#### AVAILABLE DATA ####

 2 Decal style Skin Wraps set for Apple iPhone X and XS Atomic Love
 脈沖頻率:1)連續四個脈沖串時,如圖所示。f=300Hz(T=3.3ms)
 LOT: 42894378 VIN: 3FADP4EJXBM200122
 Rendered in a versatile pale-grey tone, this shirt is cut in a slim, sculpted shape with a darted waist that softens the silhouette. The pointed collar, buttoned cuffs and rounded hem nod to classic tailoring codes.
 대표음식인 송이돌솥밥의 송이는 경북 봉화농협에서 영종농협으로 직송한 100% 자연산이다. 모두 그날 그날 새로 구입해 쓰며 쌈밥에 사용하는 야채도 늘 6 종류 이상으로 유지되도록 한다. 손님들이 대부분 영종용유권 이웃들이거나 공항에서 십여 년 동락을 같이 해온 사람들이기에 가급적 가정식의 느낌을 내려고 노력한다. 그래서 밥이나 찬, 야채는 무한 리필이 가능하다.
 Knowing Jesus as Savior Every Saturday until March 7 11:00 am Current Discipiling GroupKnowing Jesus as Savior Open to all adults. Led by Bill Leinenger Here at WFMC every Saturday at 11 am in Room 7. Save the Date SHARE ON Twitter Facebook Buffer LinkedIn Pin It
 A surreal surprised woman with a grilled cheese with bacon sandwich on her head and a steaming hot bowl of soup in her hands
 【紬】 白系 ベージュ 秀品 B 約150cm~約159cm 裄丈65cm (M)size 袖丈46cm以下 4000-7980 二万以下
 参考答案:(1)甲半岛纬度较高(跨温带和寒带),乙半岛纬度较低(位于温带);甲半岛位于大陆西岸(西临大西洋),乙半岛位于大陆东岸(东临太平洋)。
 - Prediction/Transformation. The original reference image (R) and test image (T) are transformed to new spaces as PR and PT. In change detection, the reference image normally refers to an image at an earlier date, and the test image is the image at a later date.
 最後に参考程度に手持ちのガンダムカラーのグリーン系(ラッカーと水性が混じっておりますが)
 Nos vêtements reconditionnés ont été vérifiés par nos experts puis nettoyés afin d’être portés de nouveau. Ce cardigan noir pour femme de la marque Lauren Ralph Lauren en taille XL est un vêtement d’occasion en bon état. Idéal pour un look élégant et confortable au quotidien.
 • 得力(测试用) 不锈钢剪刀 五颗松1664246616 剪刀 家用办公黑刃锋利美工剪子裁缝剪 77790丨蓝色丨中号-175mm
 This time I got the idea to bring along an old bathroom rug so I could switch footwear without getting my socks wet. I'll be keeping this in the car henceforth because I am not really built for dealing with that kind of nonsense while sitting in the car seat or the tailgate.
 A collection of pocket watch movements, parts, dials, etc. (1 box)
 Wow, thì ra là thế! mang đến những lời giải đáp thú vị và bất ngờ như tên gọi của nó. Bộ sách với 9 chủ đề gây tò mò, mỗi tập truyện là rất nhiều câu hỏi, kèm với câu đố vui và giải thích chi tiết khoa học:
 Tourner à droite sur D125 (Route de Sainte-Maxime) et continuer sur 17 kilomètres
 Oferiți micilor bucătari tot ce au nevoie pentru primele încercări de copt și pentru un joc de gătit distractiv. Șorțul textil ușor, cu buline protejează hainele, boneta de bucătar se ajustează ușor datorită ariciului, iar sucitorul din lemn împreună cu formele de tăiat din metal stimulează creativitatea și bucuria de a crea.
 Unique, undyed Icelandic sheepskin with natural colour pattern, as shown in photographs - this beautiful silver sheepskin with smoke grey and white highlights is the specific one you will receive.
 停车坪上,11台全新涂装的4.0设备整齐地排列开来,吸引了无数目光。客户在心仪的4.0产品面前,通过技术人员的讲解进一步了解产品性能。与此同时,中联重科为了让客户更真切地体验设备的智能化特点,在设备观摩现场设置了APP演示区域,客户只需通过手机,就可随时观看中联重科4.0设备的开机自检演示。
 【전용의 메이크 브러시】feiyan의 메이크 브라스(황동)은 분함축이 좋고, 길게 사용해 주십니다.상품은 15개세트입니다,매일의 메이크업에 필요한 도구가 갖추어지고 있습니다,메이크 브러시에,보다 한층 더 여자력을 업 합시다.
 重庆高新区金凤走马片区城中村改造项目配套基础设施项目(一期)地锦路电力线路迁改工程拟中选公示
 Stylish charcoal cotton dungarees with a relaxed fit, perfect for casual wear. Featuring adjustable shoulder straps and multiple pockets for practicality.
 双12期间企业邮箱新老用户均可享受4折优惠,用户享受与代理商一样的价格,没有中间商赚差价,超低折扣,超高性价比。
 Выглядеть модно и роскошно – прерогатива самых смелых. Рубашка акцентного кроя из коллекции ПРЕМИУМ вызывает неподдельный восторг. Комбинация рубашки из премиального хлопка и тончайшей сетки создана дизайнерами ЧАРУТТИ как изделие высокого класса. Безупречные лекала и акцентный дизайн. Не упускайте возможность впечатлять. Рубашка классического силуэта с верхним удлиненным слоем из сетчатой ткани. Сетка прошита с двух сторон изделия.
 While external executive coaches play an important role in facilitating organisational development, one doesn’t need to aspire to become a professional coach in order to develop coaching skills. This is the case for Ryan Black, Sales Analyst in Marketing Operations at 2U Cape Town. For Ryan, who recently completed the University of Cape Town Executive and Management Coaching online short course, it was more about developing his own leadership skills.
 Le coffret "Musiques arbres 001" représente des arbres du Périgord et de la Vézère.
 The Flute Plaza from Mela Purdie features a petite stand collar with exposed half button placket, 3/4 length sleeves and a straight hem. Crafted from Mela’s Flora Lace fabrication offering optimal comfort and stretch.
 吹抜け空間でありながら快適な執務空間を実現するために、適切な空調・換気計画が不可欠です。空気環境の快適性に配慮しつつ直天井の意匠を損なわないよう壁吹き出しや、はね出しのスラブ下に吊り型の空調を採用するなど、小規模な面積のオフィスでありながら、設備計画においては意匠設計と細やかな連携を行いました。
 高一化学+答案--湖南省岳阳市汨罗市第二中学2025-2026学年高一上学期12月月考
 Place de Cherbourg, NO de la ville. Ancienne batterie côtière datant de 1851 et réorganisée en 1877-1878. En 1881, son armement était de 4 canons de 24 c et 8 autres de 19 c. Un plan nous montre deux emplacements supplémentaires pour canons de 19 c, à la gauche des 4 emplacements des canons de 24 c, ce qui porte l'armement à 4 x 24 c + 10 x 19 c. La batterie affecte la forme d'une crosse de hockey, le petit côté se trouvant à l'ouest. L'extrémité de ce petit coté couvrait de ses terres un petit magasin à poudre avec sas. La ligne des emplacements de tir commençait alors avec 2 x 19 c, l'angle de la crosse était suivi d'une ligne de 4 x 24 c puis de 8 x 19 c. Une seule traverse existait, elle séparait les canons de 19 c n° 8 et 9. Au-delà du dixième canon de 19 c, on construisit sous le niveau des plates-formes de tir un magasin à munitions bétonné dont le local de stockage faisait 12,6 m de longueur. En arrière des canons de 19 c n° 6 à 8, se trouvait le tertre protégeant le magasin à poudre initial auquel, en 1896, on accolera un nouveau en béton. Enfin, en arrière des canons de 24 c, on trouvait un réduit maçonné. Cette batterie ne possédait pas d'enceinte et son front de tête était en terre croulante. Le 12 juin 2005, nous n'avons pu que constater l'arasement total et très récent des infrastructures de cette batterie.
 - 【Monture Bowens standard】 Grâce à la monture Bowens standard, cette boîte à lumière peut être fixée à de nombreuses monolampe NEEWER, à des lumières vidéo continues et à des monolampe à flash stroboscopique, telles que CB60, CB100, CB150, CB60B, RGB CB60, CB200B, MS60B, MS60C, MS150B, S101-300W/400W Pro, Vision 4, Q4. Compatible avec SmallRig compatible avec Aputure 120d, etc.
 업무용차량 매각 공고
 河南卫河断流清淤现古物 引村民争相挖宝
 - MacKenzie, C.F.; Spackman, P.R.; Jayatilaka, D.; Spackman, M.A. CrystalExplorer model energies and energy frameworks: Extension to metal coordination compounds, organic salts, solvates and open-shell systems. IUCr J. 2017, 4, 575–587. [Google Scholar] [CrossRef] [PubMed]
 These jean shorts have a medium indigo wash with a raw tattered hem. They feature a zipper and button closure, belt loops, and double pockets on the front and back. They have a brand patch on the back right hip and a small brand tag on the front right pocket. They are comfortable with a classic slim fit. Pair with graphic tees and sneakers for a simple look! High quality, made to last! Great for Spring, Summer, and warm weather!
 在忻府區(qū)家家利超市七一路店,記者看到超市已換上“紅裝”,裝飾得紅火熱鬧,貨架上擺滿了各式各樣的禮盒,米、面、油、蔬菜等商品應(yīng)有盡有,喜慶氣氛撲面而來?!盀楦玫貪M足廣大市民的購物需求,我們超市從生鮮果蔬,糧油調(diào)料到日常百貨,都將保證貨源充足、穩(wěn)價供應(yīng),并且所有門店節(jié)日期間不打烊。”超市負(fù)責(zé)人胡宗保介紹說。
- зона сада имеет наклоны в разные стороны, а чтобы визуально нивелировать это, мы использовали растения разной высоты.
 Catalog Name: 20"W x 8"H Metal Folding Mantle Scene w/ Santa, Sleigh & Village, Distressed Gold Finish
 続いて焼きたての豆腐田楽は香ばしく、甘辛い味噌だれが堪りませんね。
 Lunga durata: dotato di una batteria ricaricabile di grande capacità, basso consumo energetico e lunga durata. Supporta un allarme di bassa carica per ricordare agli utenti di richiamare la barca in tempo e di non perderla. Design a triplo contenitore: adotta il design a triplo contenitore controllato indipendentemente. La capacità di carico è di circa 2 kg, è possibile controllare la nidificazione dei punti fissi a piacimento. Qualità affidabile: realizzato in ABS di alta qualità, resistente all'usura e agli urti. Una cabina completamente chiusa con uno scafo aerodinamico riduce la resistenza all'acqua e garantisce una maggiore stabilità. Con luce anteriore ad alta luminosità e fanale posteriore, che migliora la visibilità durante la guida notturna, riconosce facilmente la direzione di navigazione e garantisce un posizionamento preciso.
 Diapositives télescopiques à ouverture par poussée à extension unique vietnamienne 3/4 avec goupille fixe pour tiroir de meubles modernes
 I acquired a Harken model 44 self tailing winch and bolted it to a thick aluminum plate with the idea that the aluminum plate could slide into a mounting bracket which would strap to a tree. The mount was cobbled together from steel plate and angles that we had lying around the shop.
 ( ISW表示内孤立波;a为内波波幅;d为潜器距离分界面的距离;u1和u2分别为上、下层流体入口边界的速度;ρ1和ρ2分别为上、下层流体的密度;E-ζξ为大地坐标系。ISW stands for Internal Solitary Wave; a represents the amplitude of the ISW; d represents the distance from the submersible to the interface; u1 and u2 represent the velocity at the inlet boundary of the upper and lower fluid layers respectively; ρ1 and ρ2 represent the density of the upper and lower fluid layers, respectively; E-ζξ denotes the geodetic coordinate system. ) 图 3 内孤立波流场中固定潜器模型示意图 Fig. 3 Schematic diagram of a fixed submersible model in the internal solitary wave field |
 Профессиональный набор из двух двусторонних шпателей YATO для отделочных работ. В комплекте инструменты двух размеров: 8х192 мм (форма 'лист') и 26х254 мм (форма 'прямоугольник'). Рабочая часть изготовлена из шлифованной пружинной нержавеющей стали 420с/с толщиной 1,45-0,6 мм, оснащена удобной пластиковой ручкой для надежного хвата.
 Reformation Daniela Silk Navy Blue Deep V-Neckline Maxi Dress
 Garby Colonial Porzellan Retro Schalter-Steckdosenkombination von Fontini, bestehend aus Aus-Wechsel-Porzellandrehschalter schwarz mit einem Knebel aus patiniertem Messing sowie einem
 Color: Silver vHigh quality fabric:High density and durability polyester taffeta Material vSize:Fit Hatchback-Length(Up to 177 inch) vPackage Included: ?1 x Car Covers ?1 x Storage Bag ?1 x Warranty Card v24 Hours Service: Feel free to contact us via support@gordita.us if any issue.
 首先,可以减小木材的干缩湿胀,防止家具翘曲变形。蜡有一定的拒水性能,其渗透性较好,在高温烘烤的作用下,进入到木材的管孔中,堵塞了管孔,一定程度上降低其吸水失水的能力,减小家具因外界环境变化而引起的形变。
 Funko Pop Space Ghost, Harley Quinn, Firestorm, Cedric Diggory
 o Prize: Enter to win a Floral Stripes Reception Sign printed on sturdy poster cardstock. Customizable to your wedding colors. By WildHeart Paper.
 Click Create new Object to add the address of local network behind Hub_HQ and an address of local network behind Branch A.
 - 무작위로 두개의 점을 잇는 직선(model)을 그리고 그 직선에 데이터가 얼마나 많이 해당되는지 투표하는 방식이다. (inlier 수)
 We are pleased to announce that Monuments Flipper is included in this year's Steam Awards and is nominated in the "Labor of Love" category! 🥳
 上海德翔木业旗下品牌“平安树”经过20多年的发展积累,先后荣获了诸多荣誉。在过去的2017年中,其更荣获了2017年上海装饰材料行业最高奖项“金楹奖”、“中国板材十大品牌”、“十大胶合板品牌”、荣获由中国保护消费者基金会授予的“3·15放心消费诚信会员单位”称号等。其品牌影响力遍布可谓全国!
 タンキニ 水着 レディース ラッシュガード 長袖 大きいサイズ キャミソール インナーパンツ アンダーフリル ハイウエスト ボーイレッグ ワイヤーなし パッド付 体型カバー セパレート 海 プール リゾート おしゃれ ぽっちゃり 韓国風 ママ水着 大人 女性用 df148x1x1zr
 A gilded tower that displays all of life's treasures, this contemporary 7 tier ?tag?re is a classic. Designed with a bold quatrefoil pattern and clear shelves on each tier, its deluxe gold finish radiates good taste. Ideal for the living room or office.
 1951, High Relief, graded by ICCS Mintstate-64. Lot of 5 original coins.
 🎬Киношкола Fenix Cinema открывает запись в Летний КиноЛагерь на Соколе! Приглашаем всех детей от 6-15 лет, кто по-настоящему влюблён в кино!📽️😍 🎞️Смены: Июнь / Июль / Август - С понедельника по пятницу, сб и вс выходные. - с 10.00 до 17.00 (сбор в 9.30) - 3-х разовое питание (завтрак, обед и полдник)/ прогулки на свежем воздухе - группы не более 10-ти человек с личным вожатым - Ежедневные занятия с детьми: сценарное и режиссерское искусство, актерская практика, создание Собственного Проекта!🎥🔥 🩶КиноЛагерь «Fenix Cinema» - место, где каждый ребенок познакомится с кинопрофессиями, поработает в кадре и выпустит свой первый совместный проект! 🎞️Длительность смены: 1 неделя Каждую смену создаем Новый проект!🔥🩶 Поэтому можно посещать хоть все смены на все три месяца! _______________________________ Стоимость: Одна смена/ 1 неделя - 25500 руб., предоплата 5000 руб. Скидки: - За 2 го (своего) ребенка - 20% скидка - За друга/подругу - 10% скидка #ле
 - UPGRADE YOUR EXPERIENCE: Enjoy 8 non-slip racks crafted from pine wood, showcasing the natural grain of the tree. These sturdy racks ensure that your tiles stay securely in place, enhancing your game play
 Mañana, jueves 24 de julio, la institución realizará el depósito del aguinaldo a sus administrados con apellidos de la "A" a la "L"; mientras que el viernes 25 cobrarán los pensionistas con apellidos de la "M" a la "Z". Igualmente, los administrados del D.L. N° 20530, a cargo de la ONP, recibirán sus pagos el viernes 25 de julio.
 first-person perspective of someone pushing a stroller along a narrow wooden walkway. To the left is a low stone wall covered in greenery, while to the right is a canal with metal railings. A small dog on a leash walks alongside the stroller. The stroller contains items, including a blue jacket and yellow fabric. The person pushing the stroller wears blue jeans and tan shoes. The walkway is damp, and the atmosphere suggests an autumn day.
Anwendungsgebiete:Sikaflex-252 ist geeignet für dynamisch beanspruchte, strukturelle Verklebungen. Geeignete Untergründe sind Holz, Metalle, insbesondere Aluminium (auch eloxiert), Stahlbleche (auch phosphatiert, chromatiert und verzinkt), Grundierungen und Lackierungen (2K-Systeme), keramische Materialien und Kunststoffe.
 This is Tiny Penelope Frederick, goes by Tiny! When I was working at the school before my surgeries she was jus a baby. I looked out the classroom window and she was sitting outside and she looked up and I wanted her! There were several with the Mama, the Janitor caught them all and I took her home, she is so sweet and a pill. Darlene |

####

**ACTIVITY**
Once the line with "- UPGRADE YOUR" is located in the data above, repeat it and every later line through the end, exactly.

**OUTPUT FOR THIS TASK**
 - UPGRADE YOUR EXPERIENCE: Enjoy 8 non-slip racks crafted from pine wood, showcasing the natural grain of the tree. These sturdy racks ensure that your tiles stay securely in place, enhancing your game play
 Mañana, jueves 24 de julio, la institución realizará el depósito del aguinaldo a sus administrados con apellidos de la "A" a la "L"; mientras que el viernes 25 cobrarán los pensionistas con apellidos de la "M" a la "Z". Igualmente, los administrados del D.L. N° 20530, a cargo de la ONP, recibirán sus pagos el viernes 25 de julio.
 first-person perspective of someone pushing a stroller along a narrow wooden walkway. To the left is a low stone wall covered in greenery, while to the right is a canal with metal railings. A small dog on a leash walks alongside the stroller. The stroller contains items, including a blue jacket and yellow fabric. The person pushing the stroller wears blue jeans and tan shoes. The walkway is damp, and the atmosphere suggests an autumn day.
Anwendungsgebiete:Sikaflex-252 ist geeignet für dynamisch beanspruchte, strukturelle Verklebungen. Geeignete Untergründe sind Holz, Metalle, insbesondere Aluminium (auch eloxiert), Stahlbleche (auch phosphatiert, chromatiert und verzinkt), Grundierungen und Lackierungen (2K-Systeme), keramische Materialien und Kunststoffe.
 This is Tiny Penelope Frederick, goes by Tiny! When I was working at the school before my surgeries she was jus a baby. I looked out the classroom window and she was sitting outside and she looked up and I wanted her! There were several with the Mama, the Janitor caught them all and I took her home, she is so sweet and a pill. Darlene |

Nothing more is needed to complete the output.